Bu platformun ortaya çıkardığı olağanüstü yetenekler, akıllı sistemlerin birkaç yıl içinde ulaşabileceği uç noktalara dikkatleri çekti. Hatta bazıları bizi, tamamen olgunlaşmış akıllı sistemlerin, insanları köleleştirip, kendilerine enerji sağlayan bataryalara dönüştürme noktasına geldiği varsayımsal bir durumu tasvir eden “Matrix” filminde gördüğümüze benzer bir gerçek konusunda uyardı.

Morozov, tartışılan risklerin değişimden korkan yaşlı insanların sanrıları veya korkuları olmadığını hatırlatıyor. Aynı yılın Mayıs ayında, teknoloji şirketlerinin 300 önde gelen araştırmacısı ve yöneticisi, yapay zekâ uygulamalarının dizginsiz bir biçimde gelişmesinden kaynaklanabilecek varoluşsal riskler konusunda uyarıda bulunan bir bildiri yayınladı.

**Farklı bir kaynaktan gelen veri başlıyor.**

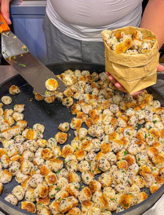 我迫不及待地夹起一个放入口中,轻轻一咬,“噗呲”一声,鲜美的汤汁瞬间在口中迸发开来,那浓郁醇厚的味道瞬间弥漫整个口腔。肉馅鲜嫩多汁,调料的香味恰到好处,与外皮的金黄酥脆形成了完美的搭配。外皮底部煎得焦香,咬起来“嘎吱”作响,而上面的部分则柔软劲道,带着淡淡的面香。
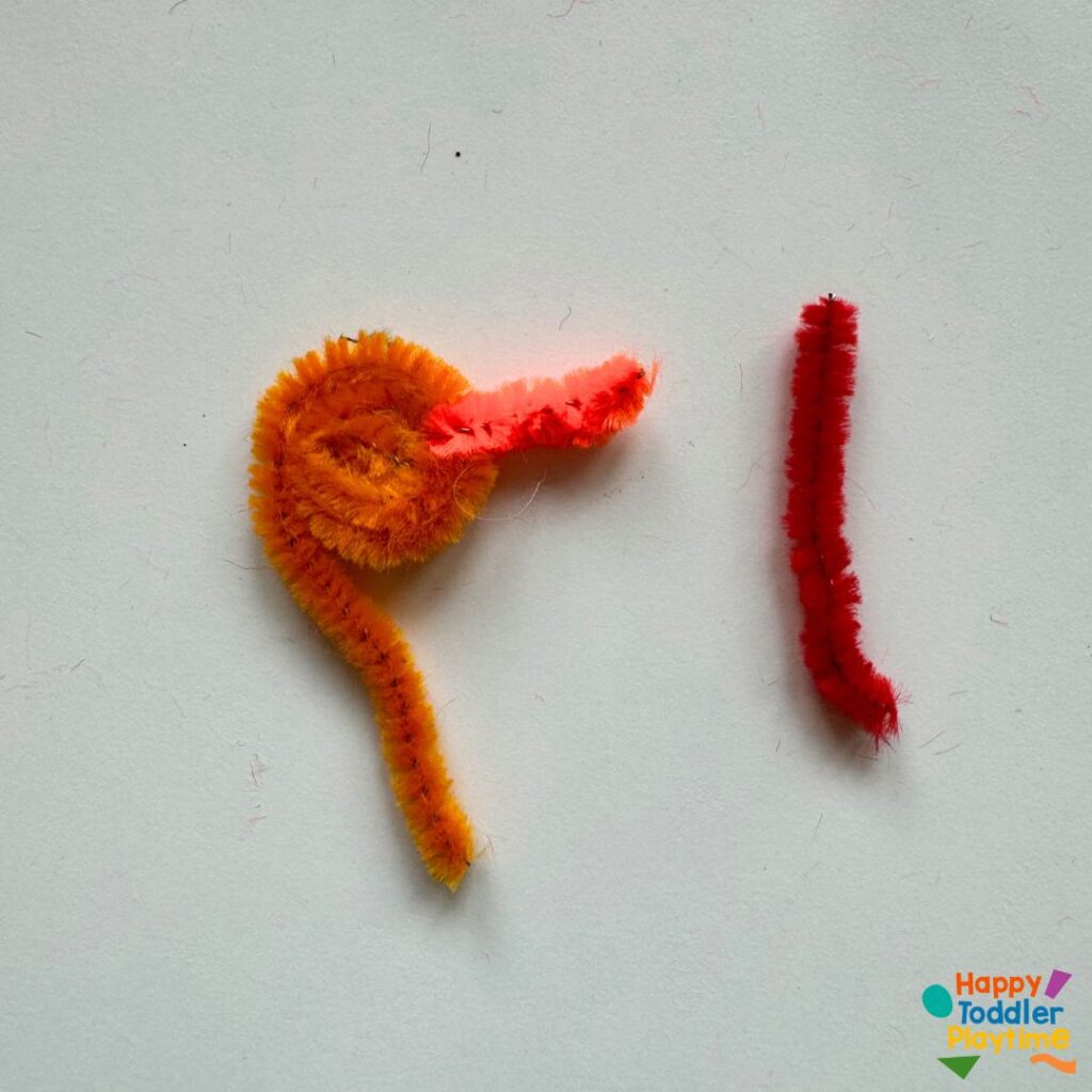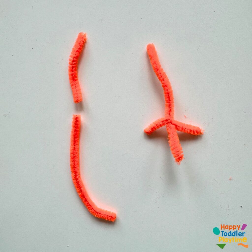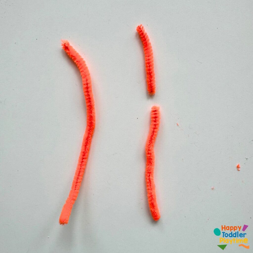- Cut an orange pipe cleaner in half, then cut each half down to about 1/3 of its original length.
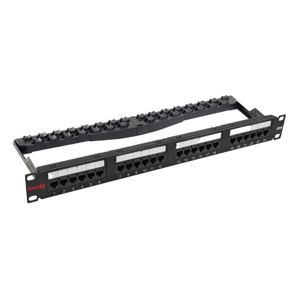 Simply45's S45-2624 CAT6 Rack Mount Patch Panel allows easy installation of a network panel in the field and offers the maximum use of panel space. This 24 port loaded UTP CAT6 patch panel includes a cable management bracket, 24 cable ties and 4 rack screws.

Başladığımız yere dönersek, Profesör Lütfiye yaşamsal yeterlilik ile insanın uzlaştırıcı eğilimleri arasındaki ilişkiye odaklanan bir yaklaşım öneriyor. Bu fikri açıklığa kavuşturmak için önce şu soruyu soralım: Yapay zekânın ekonominin ve geçim kaynaklarının gelişmesine yardımcı olmasını mı bekliyoruz, yoksa tam tersini mi istiyoruz? Çoğu insan olumlu tarafı seçecek ve insanların işlerini kaybetme korkularına rağmen, elektronik bilgi ve iletişim sistemlerinin gelişimini izleyen muazzam ekonomik büyümeyi hatırlayacaktır. Bugün biliyoruz ki insanlar arasındaki iletişim hızı refah ve genişlemenin sırrıdır. Refah yeni iş fırsatları ve bilinmeyen kaynaklar yaratır, insanların anlaşma ve iş birliği arzusunu destekleyerek çatışmaları ve savaşları azaltır.

Profesör Duleymi'nin konuyu irdelerken başlangıç noktası olarak önerdiği olumlu yön budur. Bu bizi doğal olarak gerekli bir soruya götürüyor: Yapay zekânın getireceği refahı herkes bildiğine göre neden herkesi daha kaygılı görüyoruz?

Kanaatimce, kaygının tek nedeni, yeni sistemlerin aşırı hızının ister kasıtlı ister kazara olsun, eylemlerini kontrol etmeye olanak tanımadığının herkesin farkında olmasıdır. Geçtiğimiz ekim ayında, otonom bir araç, bunu yapmayacak şekilde tasarlanmış olmasına rağmen bir kişiye çarptı ve onu öldürdü. Bu, kesinlikle bir hataydı. Ancak bir hatayı felakete yol açmadan önce kim düzeltebilir?

Araştırmacılar, olumsuz olasılıkları daha da endişe verici hale getiren iki faktöre işaret ediyor. İlk faktör, her halükarda kaçınılması imkansız olan taraflı programlama-yüklemedir. İkincisi, akıllı makinelerin, farklı insanlarla başa çıkmada temel saydığımız bireysel farklılıklarla başa çıkamamasıdır.

Ancak bu, daha ayrıntılı incelemeyi hak eden bir konu ve umarım daha sonra dönüp kendisini ele alabiliriz.